# Well Sprung Ribs



## equiniphile (Aug 16, 2009)

Well-sprung ribs are great. It means that the horse's ribs are rounded outward from the barrel, providing lots of room for lung expansion. With strenuous activities like racing and jumping, this is a huge advantage over "slab-sided" horses, whose ribs are flat and don't provide enough room for the lungs to expand.


----------



## Tianimalz (Jan 6, 2009)

It's just another type of body conformation  Nothing bad about it- a lot of people prefer it actually. My mare has well sprung ribs, it just means their barrel (mid section) is wider than their chest and hind quarters.

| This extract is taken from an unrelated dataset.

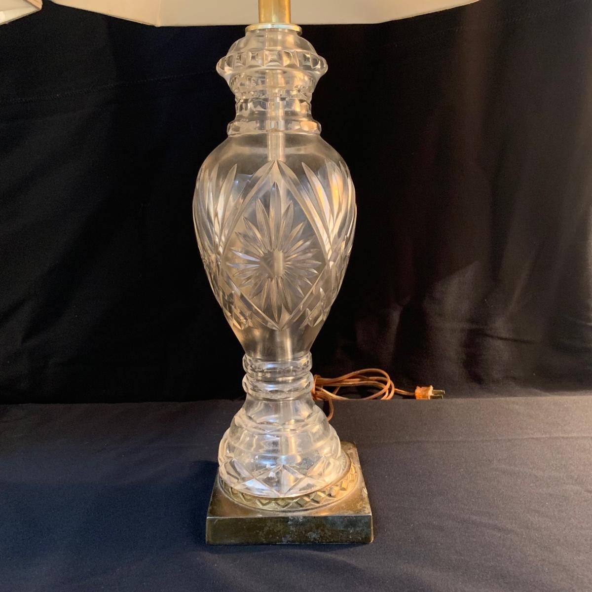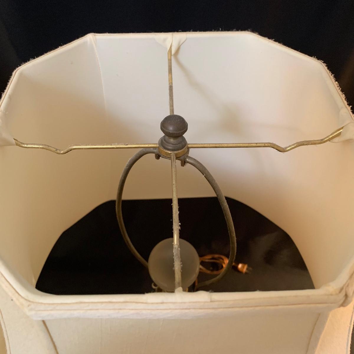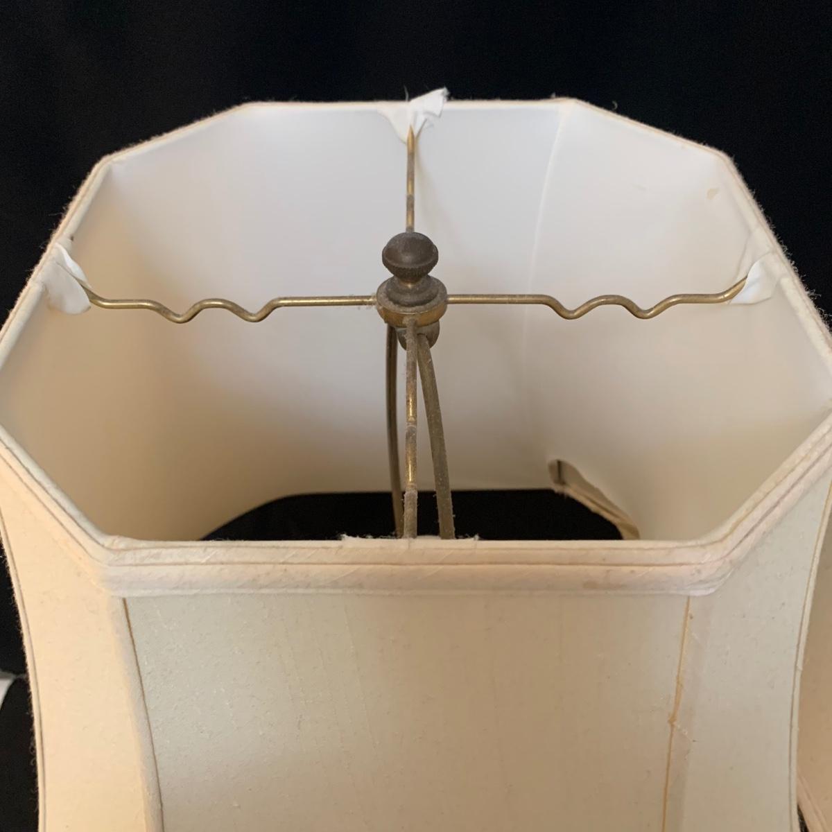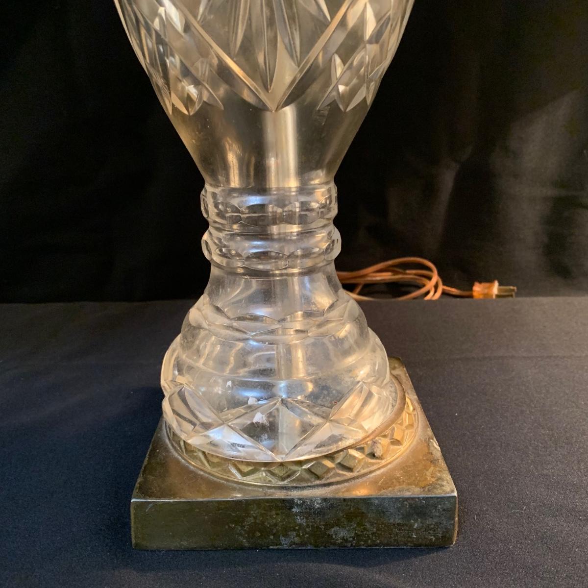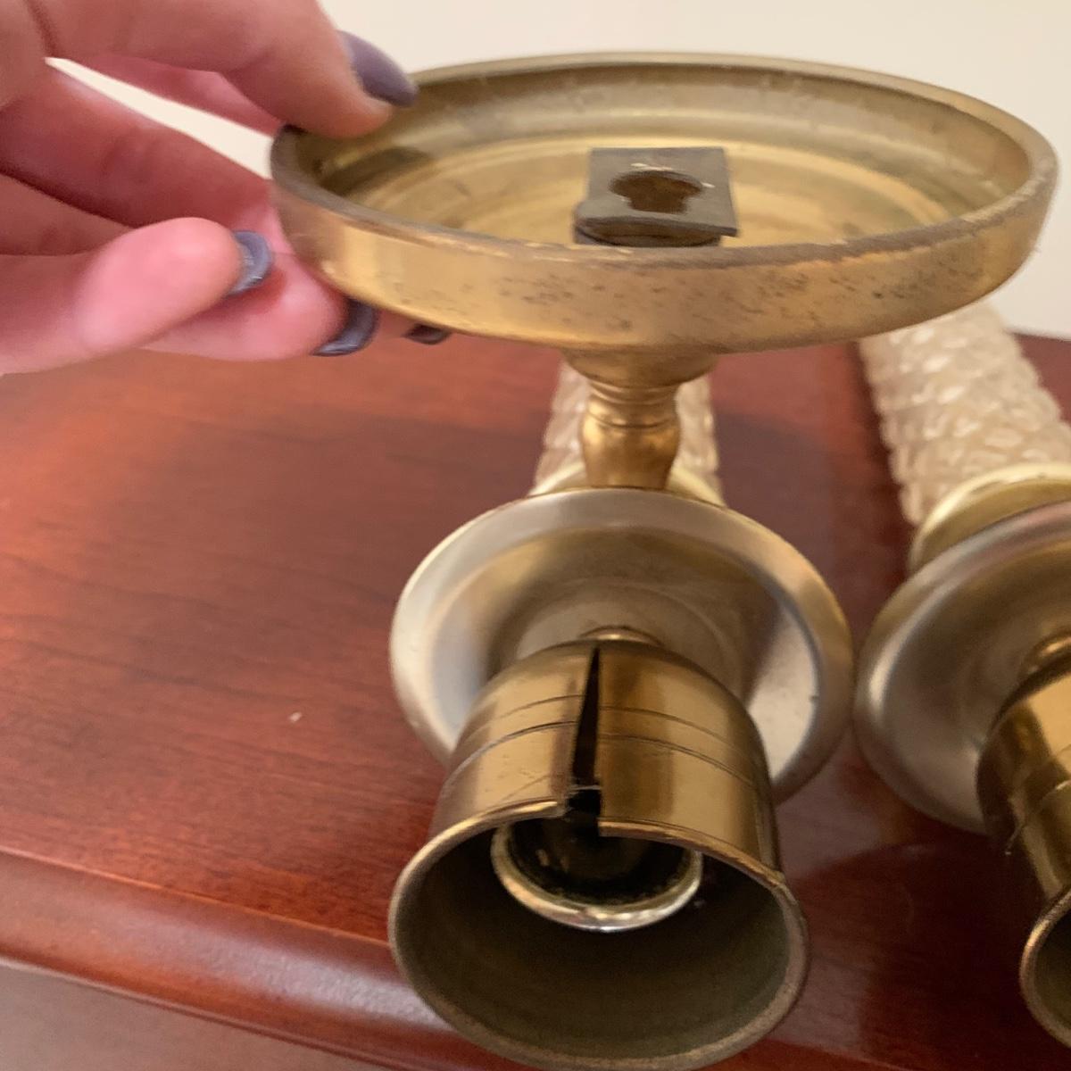 Lot includes three glass lamps and a pair of glass candle sconces. Two of the lamps are a matching set with brass-like bases and matching shades. One shade is in good condition, while the other needs to be fastened back onto the frame. With a little glue, it could be like new! See photos for details. Lamps themselves are in good condition. Lamp base measures 5.5”L x 5.5”W and the lamp is 32.5”H including the shade. A third similar lamp is also included. It also has a metal base and cream colored shade. It has a lovely crystal finial. Lamp is just a little shorter than the other two. All three turned on when tested. The sconces have metal bases with glass hurricanes and lower glass decor. Note the split in the metal on one sconce. It is not visible from the front.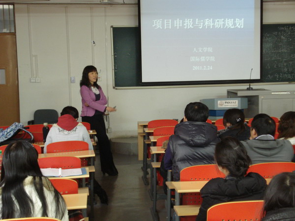 2011年2月24日下午,老王论坛 和国际儒学院联合在学院路校区教学楼119教室举办题为“项目申报与科研规划”的专题讲座。此次讲座是以研究生创新项目申报为契机,为研究生从事科研活动提供基础支持。俞学明教授担任了主讲人,哲学系副主任兼国际儒学院副院长王心竹老师列席,老王论坛 和国际儒学院部分研究生聆听了讲座。

It can sometimes make a horse look a little thinner than they actually are in my experience though. (It doesn't excuse a thin horse, but it has a habit of making them a little *ribby*)


----------



## iloverains (Apr 1, 2011)

so it's nothing but a benefit?!

and I'll be doing eventing with her 

Thanksss!


----------



## iloverains (Apr 1, 2011)

yeah, Mim (the horse) is on the thinner side at the moment, as she was a paddock horse etc. fattening up now, and her ribs aren't showing that much


----------



## iloverains (Apr 1, 2011)

hahahah - it's really hot here, so I have my bikini on, and I just realised I have well sprung ribs  the left one pokes out way more though /: I wouldn't say I have very good conformation  I can run and jump pretty well though!


----------